Samandağlı depremzede kadınların, yerel yönetimlerin ilk kademesi olan muhtarların kadın olması gerektiği fikrinden hareketle başlattığı "Kadınlar Yerel Yönetime" kampanyası büyüyor.
Samandağ'ın 42 mahallesi için 22 kadın muhtar hedefini önlerine koyduklarını belirten Kadınlar Yerel Yönetime Kampanyası Koordinasyonu’ndan Nursel Çekiç, "Sorunların tespiti kadar doğru ve hızlı çözüm için öncülük misyonuna talibiz. Zaten sahaya inmemizin de asıl sebebi bu.
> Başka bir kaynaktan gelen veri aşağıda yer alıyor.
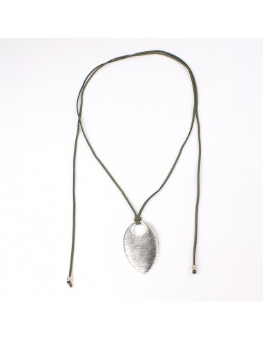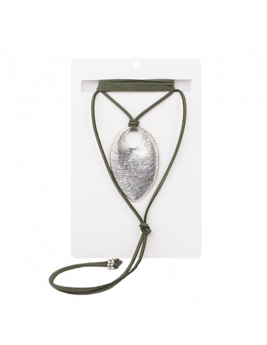 Collar corbatero de gamuza múltiples vueltas con dije exclusivo níquel y terminaciones en punteras.
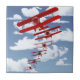 Vintage Doppeldeckerkunst erinnernd von den Zwanziger Jahren, Dreißigerjahre, Vierziger, retro Art.-Bildungsflug der Doppeldecker im hellen blauen Himmel.
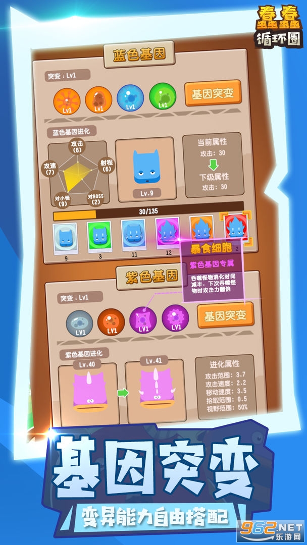 蠢蠢循环圈是一款可以挂机的塔防游戏,在守卫家园的同时,可以来一场吞噬进化大作战,从获得更多的塔防收益,多种生物的特殊能力搭配,组合策略,塔防能力对吞噬大作战的影响加成,一切都是相辅相成。
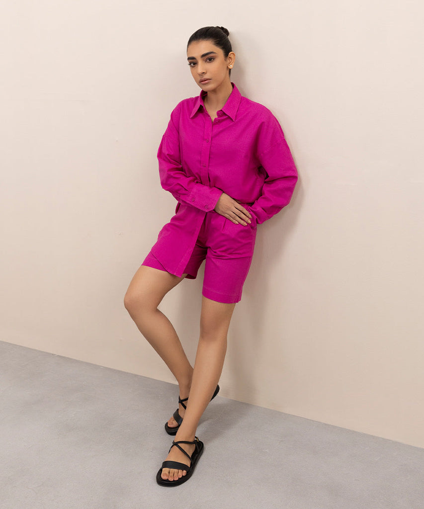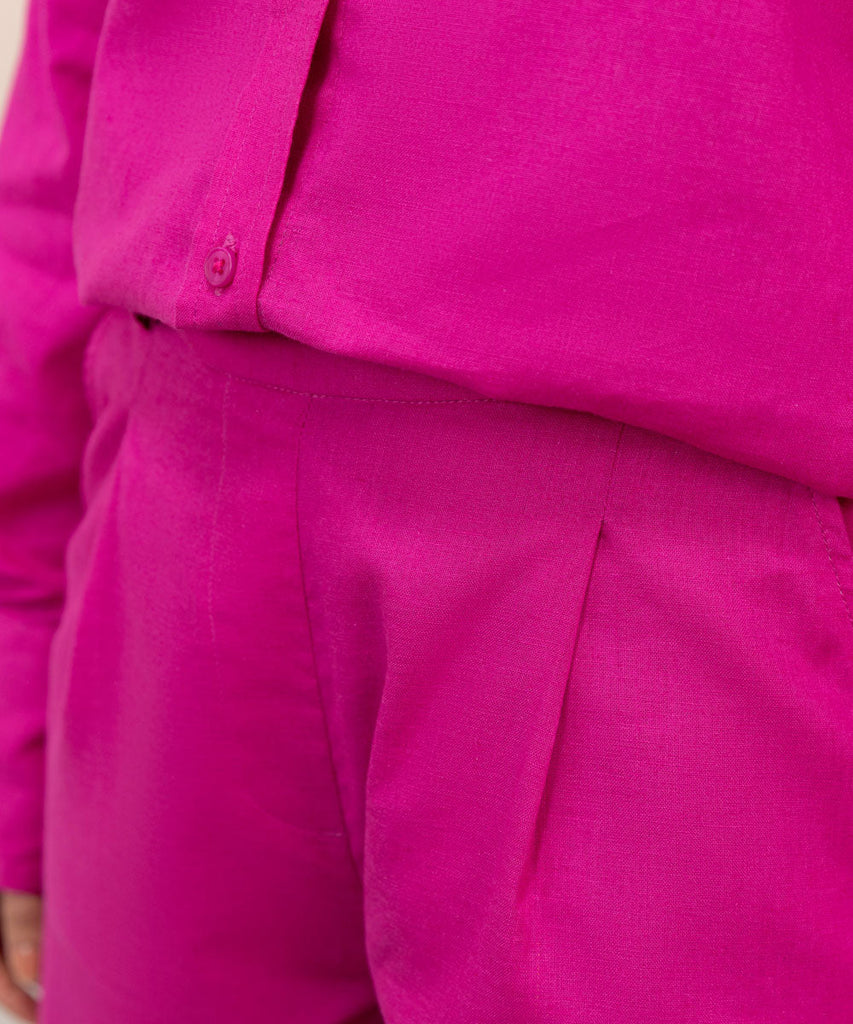 Shorts in linen blended fabric. Front zip closure. Elasticated back. Side pockets.
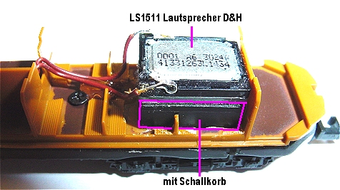 Der Motorwagen: Hier sitzt eine schwarze Abdeckung über dem Decoderplatz die nach oben einfach abgezogen wird. Gehalten wird diese Abdeckung
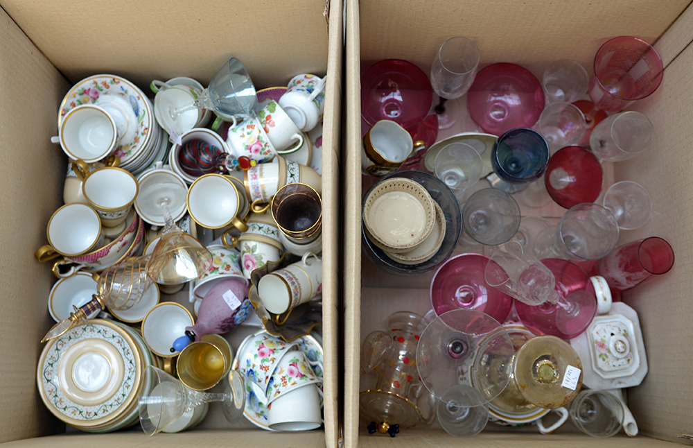 Lotto composto da numerosi oggetti in vetro e ceramica di diverso uso e decoro (difetti)

Kentleri ilk basamağından itibaren kadınlar yönetsin istiyoruz“ dedi.
Kadınlar Yerel Yönetime Kampanyası Koordinasyonu’ndan Nursel Çekiç, ANF’nin sorularını yanıtladı.
Kadınların yerel yönetimlerde daha fazla söz sahibi olması gerektiği her dönem dile getiriliyor, ancak bu algı genelde ilçe ve il belediye başkanlıkları üzerinden şekilleniyor. Siz bu noktada genel algının aksine, yerel yönetimlerin ilk basamağı olan muhtarlıklarda kadın varlığının önemine dikkat çekiyorsunuz. Kampanyanızı muhtarlıklar üzerinden kurma kararını hangi dinamikler belirledi?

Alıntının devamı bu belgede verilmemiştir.